You Matter Less Than You Think.
What if it’s good that you’re not important?
It’s really difficult to shake the habit of believing that you matter. Half the time you don’t even realise that you’re doing it. And even when you do, it’s so compelling to just go with it. Pretty much every aspect of the experience of being you is perfectly set up to convince you that you’re some kind of big deal.
I mean, let’s start with the obvious stuff. Every single thing that has ever happened in your life has happened from your perspective. Your friends are your friends. Your family is your family. It’s so natural to see the world this way that it feels strange, even offensive, whenever you’re referred to as so and so’s friend, or the person who works at such and such a place, or as anything other than the beating heart at the centre of whatever is going on.
Naturally, it’s not just you that seems important, the things that happen to you seem to matter that much more too. That minor inconvenience you suffered at the supermarket or the mild headache you’ve had since breakfast? How could they fail to be important if they’re happening to the most important person in existence? All of your opinions make perfect sense without you having to listen or show empathy or make any effort to think about them so how could they fail to feel right? Your feelings are visceral and urgent and real in a way that nobody else’s will ever be able to match so how could they fail to feel more urgent?
Even if you have crushingly low self-esteem, the only reason you feel bad about yourself is that you don’t match up to your mental image of how important you’re supposed to be. Your life has failed to support your underlying belief that you’re supposed to be at the centre of things. People with low self-esteem don’t lack confidence. The world has simply failed to support the image that they have of themselves in their heads. That’s a tough mismatch to deal with.

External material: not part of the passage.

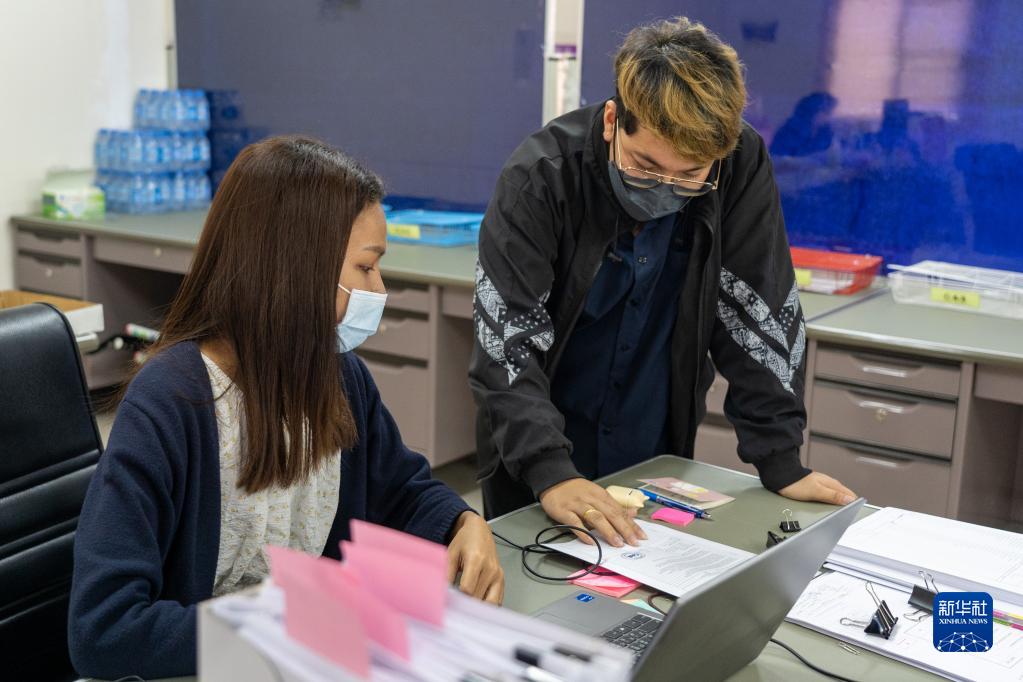 9月7日,在泰國呵叻,中泰鐵路項目部監理總站專(zhuān)職翻譯南塔蓬(右)與同事討論工作。

If you’ve come up against this mismatch yourself, you’ve probably been told to have confidence in yourself. Just believe in yourself and everything will be fine. Look at yourself in the mirror every morning and tell yourself that you’re great. And soon or later, you realised that it didn’t work. The delusion that you matter can’t be supported through your own efforts. What comes from that is a kind of weak, brittle confidence. It’s a confidence which event best is all swagger and self-importance. It’s the kind of false confidence that can’t bear to be challenged, or laughed at, or seen to fail. It’s one that many people, maybe yourself among them, cling to.

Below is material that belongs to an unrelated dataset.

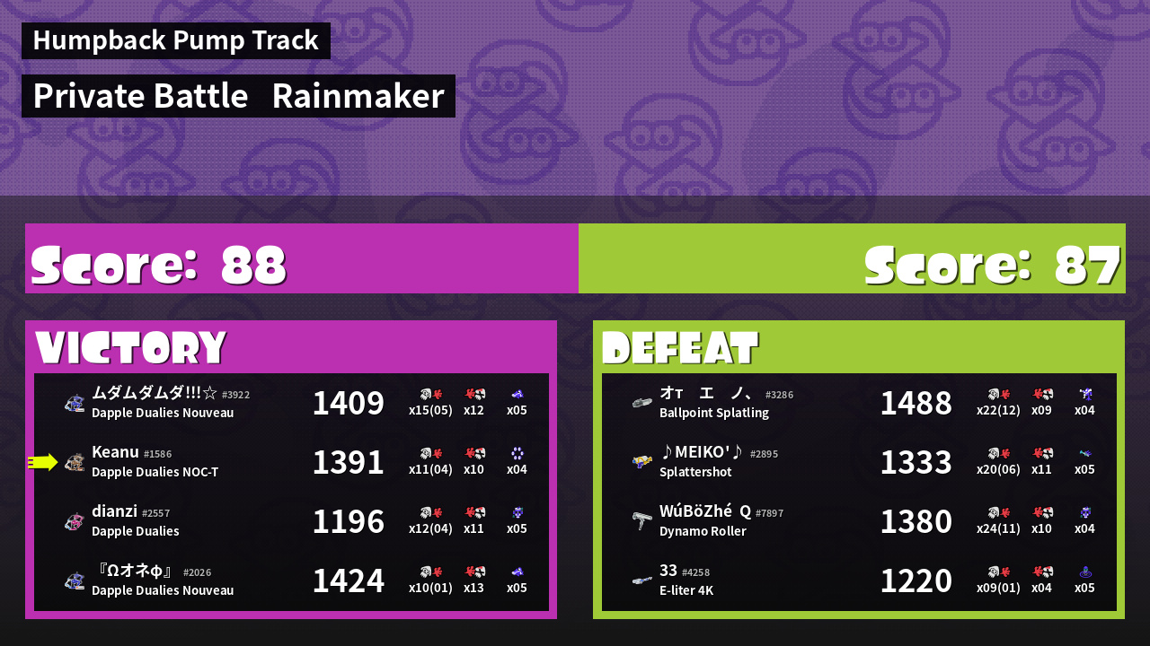 | Weapon | Dapple Dualies NOC-T ( Splat Bomb / Killer Wail 5.1) | ||

And it’s a shame because this kind of fragile confidence holds you back in so many ways. It’s the reason you’re afraid to try new things. It’s the reason why you don’t speak to that attractive non-gender-specific person that you like. It’s the reason you’re afraid to make mistakes. You’re afraid that the thin shell of confidence that you’ve wrapped around your quivering ego will shatter if it collides with reality.
For example, how many times have you been on a date and felt so nervous you thought you’d puke, all because you were worried you wouldn’t know what to say? You’ve got an entirely new, sexy human being in front of you, you idiot! Why are you so worried about yourself when you could be interested enough in them to ask a few questions about what they like or what they think about the annexation of Crimea? Stop focusing on yourself for once and just like magic, all of those concerns about yourself will vanish too, and you’ll get to find another human being interesting. Try it! They’ll appreciate it!
Or how about that book or song or video that you’ve been putting off making? Or even worse, that you’ve already made and are afraid to show to anybody. What could explain this insanity other than the completely misguided belief that it will matter if you aren’t as amazing as you want people to believe you are. Newsflash: You’re not. Nobody is. But if you put yourself out there, you at least have a chance at being useful.
Because this is the point I’ve been driving at this whole time; you don’t matter. Or let me be more precise and say; your opinion about whether you matter doesn’t matter. You don’t get to decide whether you matter or not. Just as you don’t get to decide whether you’re funny, or kind, or being an asshole. Your importance is directly proportional to how useful you are to the people around you. You don’t get to decide if you matter or not. They do.
I’m not saying you should base your sense of self-worth on whether others say you matter or not, I’m saying you should base it on how useful you are. On how much good you bring into the world. On how many lives are better for having you in them. I’m saying that you matter when you matter to someone. Or preferably many someones. Not when you tell yourself that you do.
This probably feels a little counterintuitive. After all, as we’ve discussed, almost everything about the experience of being you conspires to tell you that you’re a big deal. But the fact is, you aren’t the centre of the world, you’re the centre of your world. And while your world is yours alone, you share the world with 8 billion other people. So get out there. Make mistakes, fall on your ass, make people laugh, even if you’re the one they’re laughing at. As much as you might want to be, you aren’t the centre of the universe. But if you work at being useful, you might be the centre of somebody else’s.